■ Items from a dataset
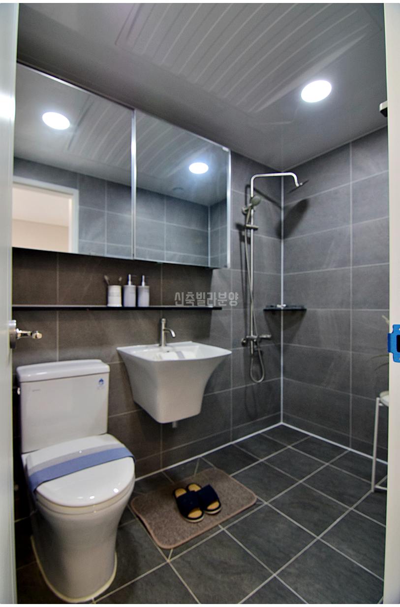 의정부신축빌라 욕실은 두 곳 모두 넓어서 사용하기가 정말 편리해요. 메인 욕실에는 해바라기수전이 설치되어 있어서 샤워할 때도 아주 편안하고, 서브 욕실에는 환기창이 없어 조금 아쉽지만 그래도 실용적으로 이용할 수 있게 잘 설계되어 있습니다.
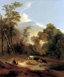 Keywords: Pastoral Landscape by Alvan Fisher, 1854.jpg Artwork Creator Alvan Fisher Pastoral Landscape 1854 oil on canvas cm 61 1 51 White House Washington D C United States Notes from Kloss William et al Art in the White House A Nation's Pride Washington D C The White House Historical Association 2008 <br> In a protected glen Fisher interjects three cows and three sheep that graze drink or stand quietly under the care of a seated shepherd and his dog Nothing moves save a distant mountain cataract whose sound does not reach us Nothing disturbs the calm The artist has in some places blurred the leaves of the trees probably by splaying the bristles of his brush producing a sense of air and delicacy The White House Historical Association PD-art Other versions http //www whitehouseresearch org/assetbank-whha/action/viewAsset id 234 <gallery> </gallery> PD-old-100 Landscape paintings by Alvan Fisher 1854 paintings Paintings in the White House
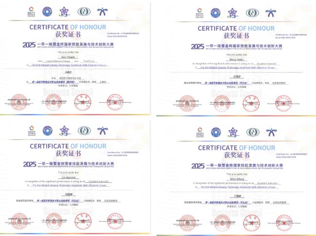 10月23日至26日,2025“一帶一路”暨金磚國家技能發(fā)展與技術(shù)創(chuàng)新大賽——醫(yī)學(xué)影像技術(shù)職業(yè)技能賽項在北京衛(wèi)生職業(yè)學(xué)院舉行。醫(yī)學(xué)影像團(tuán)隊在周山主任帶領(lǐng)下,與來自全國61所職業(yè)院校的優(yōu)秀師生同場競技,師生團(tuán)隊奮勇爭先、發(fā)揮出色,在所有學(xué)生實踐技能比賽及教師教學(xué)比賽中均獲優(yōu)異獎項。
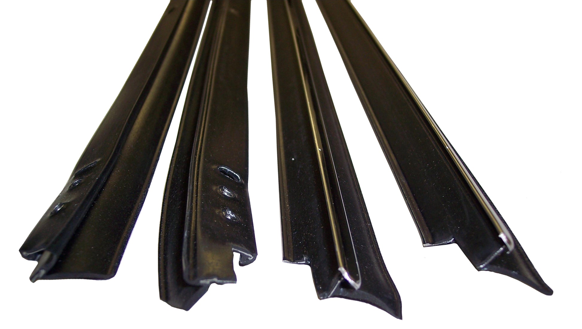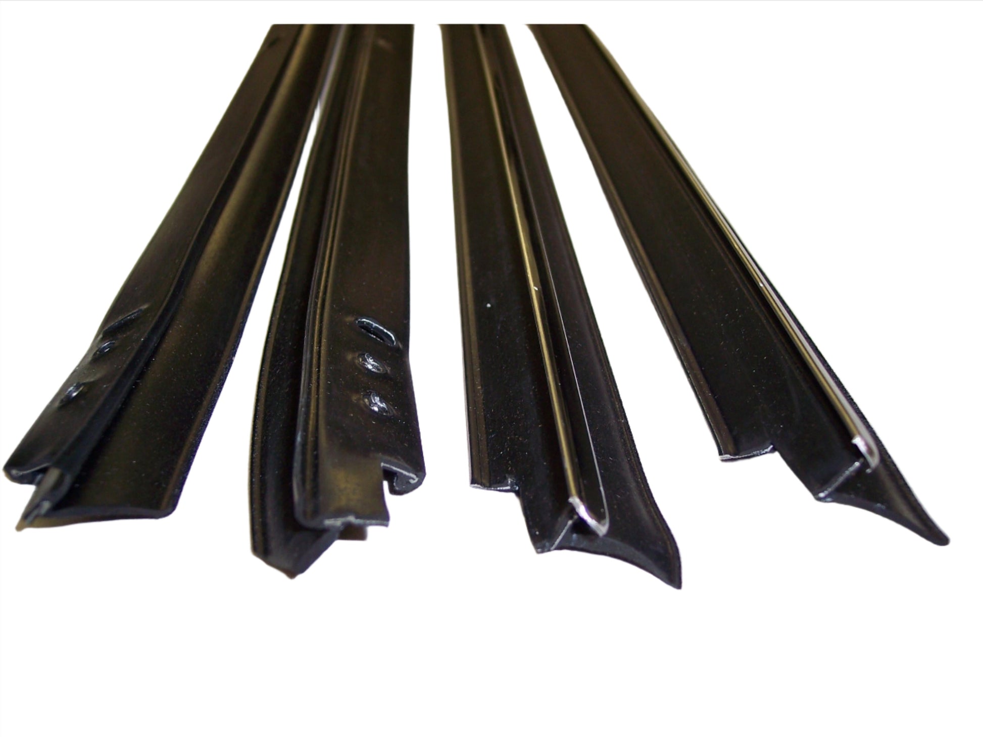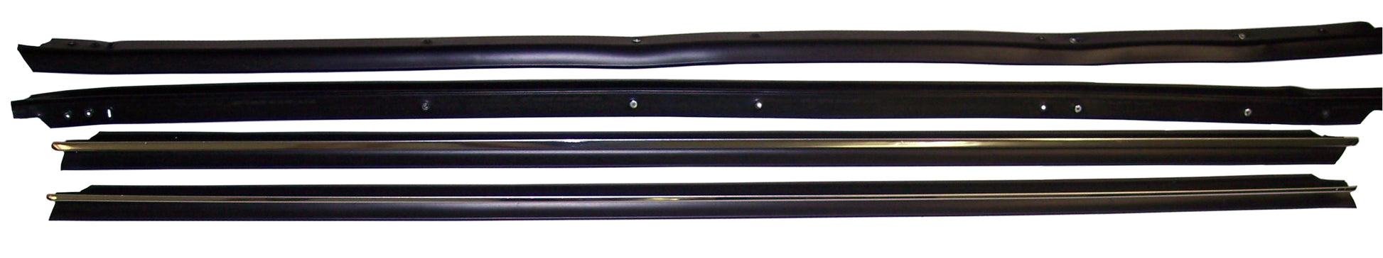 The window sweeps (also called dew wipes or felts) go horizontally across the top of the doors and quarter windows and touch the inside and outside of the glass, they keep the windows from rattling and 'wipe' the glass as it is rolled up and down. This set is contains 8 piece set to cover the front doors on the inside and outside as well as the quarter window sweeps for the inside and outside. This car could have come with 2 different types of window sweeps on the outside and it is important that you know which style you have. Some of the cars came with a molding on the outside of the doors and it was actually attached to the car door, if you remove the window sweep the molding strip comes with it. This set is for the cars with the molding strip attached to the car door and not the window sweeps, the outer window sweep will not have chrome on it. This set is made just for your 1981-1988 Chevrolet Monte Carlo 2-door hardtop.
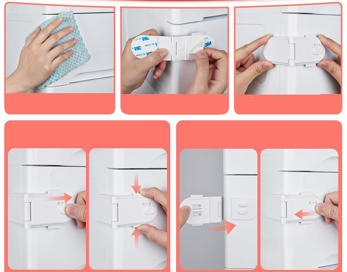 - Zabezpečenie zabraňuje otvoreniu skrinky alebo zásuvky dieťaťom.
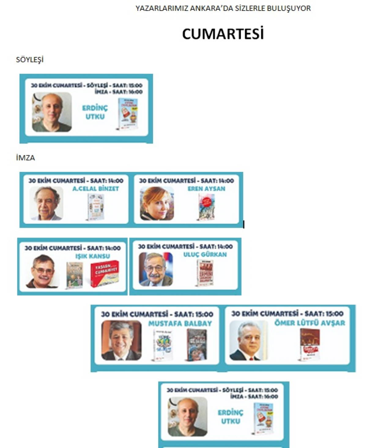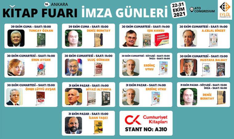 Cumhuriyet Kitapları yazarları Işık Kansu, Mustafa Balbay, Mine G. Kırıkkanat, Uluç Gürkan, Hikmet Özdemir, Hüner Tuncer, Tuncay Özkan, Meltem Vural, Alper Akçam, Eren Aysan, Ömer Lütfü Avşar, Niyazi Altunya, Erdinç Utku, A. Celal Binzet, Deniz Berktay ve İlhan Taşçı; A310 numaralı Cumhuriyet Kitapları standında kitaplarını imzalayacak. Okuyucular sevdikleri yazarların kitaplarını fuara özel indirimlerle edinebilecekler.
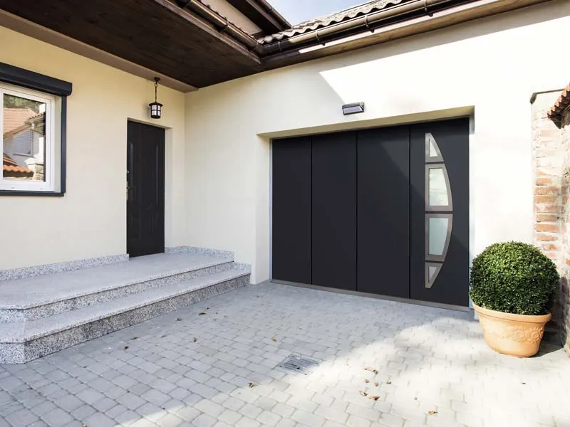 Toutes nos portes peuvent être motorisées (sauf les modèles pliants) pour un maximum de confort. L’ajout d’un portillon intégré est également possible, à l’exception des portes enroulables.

■ What needs to be done
Return the data exactly as it stands, minus the pictures.

■ Your response
 의정부신축빌라 욕실은 두 곳 모두 넓어서 사용하기가 정말 편리해요. 메인 욕실에는 해바라기수전이 설치되어 있어서 샤워할 때도 아주 편안하고, 서브 욕실에는 환기창이 없어 조금 아쉽지만 그래도 실용적으로 이용할 수 있게 잘 설계되어 있습니다.
 Keywords: Pastoral Landscape by Alvan Fisher, 1854.jpg Artwork Creator Alvan Fisher Pastoral Landscape 1854 oil on canvas cm 61 1 51 White House Washington D C United States Notes from Kloss William et al Art in the White House A Nation's Pride Washington D C The White House Historical Association 2008 <br> In a protected glen Fisher interjects three cows and three sheep that graze drink or stand quietly under the care of a seated shepherd and his dog Nothing moves save a distant mountain cataract whose sound does not reach us Nothing disturbs the calm The artist has in some places blurred the leaves of the trees probably by splaying the bristles of his brush producing a sense of air and delicacy The White House Historical Association PD-art Other versions http //www whitehouseresearch org/assetbank-whha/action/viewAsset id 234 <gallery> </gallery> PD-old-100 Landscape paintings by Alvan Fisher 1854 paintings Paintings in the White House
 10月23日至26日,2025“一帶一路”暨金磚國家技能發(fā)展與技術(shù)創(chuàng)新大賽——醫(yī)學(xué)影像技術(shù)職業(yè)技能賽項在北京衛(wèi)生職業(yè)學(xué)院舉行。醫(yī)學(xué)影像團(tuán)隊在周山主任帶領(lǐng)下,與來自全國61所職業(yè)院校的優(yōu)秀師生同場競技,師生團(tuán)隊奮勇爭先、發(fā)揮出色,在所有學(xué)生實踐技能比賽及教師教學(xué)比賽中均獲優(yōu)異獎項。
 The window sweeps (also called dew wipes or felts) go horizontally across the top of the doors and quarter windows and touch the inside and outside of the glass, they keep the windows from rattling and 'wipe' the glass as it is rolled up and down. This set is contains 8 piece set to cover the front doors on the inside and outside as well as the quarter window sweeps for the inside and outside. This car could have come with 2 different types of window sweeps on the outside and it is important that you know which style you have. Some of the cars came with a molding on the outside of the doors and it was actually attached to the car door, if you remove the window sweep the molding strip comes with it. This set is for the cars with the molding strip attached to the car door and not the window sweeps, the outer window sweep will not have chrome on it. This set is made just for your 1981-1988 Chevrolet Monte Carlo 2-door hardtop.
 - Zabezpečenie zabraňuje otvoreniu skrinky alebo zásuvky dieťaťom.
 Cumhuriyet Kitapları yazarları Işık Kansu, Mustafa Balbay, Mine G. Kırıkkanat, Uluç Gürkan, Hikmet Özdemir, Hüner Tuncer, Tuncay Özkan, Meltem Vural, Alper Akçam, Eren Aysan, Ömer Lütfü Avşar, Niyazi Altunya, Erdinç Utku, A. Celal Binzet, Deniz Berktay ve İlhan Taşçı; A310 numaralı Cumhuriyet Kitapları standında kitaplarını imzalayacak. Okuyucular sevdikleri yazarların kitaplarını fuara özel indirimlerle edinebilecekler.
 Toutes nos portes peuvent être motorisées (sauf les modèles pliants) pour un maximum de confort. L’ajout d’un portillon intégré est également possible, à l’exception des portes enroulables.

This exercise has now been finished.